We now treat the two expectations in (4.28) separately. First, by Jensen’s inequality,

$$ \bigg(\int _{0}^{t} \Delta \pi ^{y}_{s} ds\bigg)^{4} = \bigg( \frac{1}{t}\int _{0}^{t} t \,\Delta \pi ^{y}_{s} ds\bigg)^{4}\leq t^{3} \int _{0}^{t} (\Delta \pi ^{y}_{s} )^{4} ds. $$
(4.29)

Second, thanks to the nonnegativity of \((\Delta \pi ^{y})^{4}\), we can invoke the Fubini–Tonelli theorem and using also (4.29), we obtain

$$\begin{aligned} & \mathbb{E}\bigg[\int _{0}^{\infty } e^{-\rho t} \bigg(\int _{0}^{t} \Delta \pi ^{y}_{s} ds\bigg)^{4} dt\bigg] \\ &\leq \mathbb{E}\bigg[\int _{0}^{\infty } e^{-\rho t} t^{3} \int _{0}^{t} (\Delta \pi ^{y}_{s} )^{4} ds dt\bigg] \\ & = \frac{1}{\rho ^{4}}\int _{0}^{\infty } e^{-\rho s} (\rho ^{3}s^{3}+3 \rho ^{2} s^{2}+ 6\rho s + 6 ) \mathbb{E}[ (\Delta \pi ^{y}_{s} )^{4} ] ds. \end{aligned}$$
(4.30)

To evaluate the expectation in the last integral above, notice that applying Itô’s formula to the process \(\xi ^{y}_{t}:=(\Delta \pi ^{y}_{t})^{4}\) and using (4.23) gives for any \(t>0\) that

$$\begin{aligned} d\xi ^{y}_{t} &= \xi ^{y}_{t}\big(-(\lambda _{1}+\lambda _{2}) + 12 \theta ^{2}(1-\pi ^{y+\varepsilon }_{t} - \pi ^{y}_{t})^{2}\big)dt \\ &\phantom{=:}+ 4\xi ^{y}_{t}(1-\pi ^{y+\varepsilon }_{t} - \pi ^{y}_{t})\bigg( \frac{g_{2}-g_{1}}{\sigma }dI_{s} + (\alpha _{1}-\alpha _{2})dI^{1}_{s} \bigg) \end{aligned}$$

with \(\xi ^{y}_{0}=1\) and \(\theta ^{2}=\frac{1}{2} (\frac{(g_{2}-g_{1})^{2}}{\sigma ^{2}} + ( \alpha _{1}-\alpha _{2})^{2} )\).
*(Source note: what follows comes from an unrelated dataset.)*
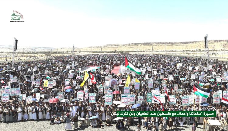 وأكد المشاركون في المسيرات أن الشعب اليمني لن يتخلى عن أي جبهة من جبهات محور الجهاد والمقاومة ولن يترك فلسطين ولا لبنان.

Because \((1-\pi ^{y+\varepsilon }_{t} - \pi ^{y}_{t})^{2} \leq 2\) a.s. for all \(t\geq 0\) and

$$ \xi ^{y}_{t} = e^{-(\lambda _{1} + \lambda _{2})t + 12\theta ^{2} \int _{0}^{t}(1-\pi ^{y+\varepsilon }_{s} - \pi ^{y}_{s})^{2} ds}M^{y}_{t}, $$

where \((M^{y}_{t})_{t\geq 0}\) is an exponential martingale, it is easy to see that

$$ \mathbb{E}[(\Delta \pi ^{y}_{t})^{4} ] \leq e^{-(\lambda _{1} + \lambda _{2})t + 24\theta ^{2} t}, \qquad t\geq 0. $$
(4.31)

Using the latter estimate in (4.30) together with Assumption 4.3, we deduce that

$$ \sup _{\varepsilon \in (0,1-y)}\mathbb{E}\bigg[\int _{0}^{\infty } e^{- \rho t} \bigg(\int _{0}^{t} \Delta \pi ^{y}_{s} ds\bigg)^{4} dt\bigg] < \infty . $$
(4.32)

For the second expectation in (4.28), Assumption 4.3 and standard estimates using (4.4) plus the fact that \((g_{2}-g_{1})\int _{0}^{t} \pi ^{y}_{s} ds <0\) guarantee that it is finite. Moreover, it is independent of \(\varepsilon \). Combining this with (4.32), we thus find from (4.28) that

$$ \sup _{\varepsilon \in (0,1-y)}\mathbb{E}[ |\Lambda _{\varepsilon } |^{2} ]^{\frac{1}{2}} < \infty . $$

This implies that the family of random variables \(\{\Lambda _{\varepsilon } : \varepsilon \in (0,1-y)\}\) is bounded in \(L^{2}(\Omega ,\mathcal{F},\mathbb{P})\), hence uniformly integrable.

2) Consider the second expectation on the right-hand side of (4.25) and set

$$ \Xi _{\varepsilon }:=\int _{0}^{\tau ^{\star }_{\varepsilon }} e^{- \rho t} \widehat{X}^{x,y}_{t} \Delta \pi ^{y}_{t} dt. $$

We aim at proving that the family of random variables \(\{\Xi _{\varepsilon }: \varepsilon \in (0,1-y)\}\) is bounded in \(L^{2}(\Omega ,\mathcal{F},\mathbb{P})\), hence uniformly integrable.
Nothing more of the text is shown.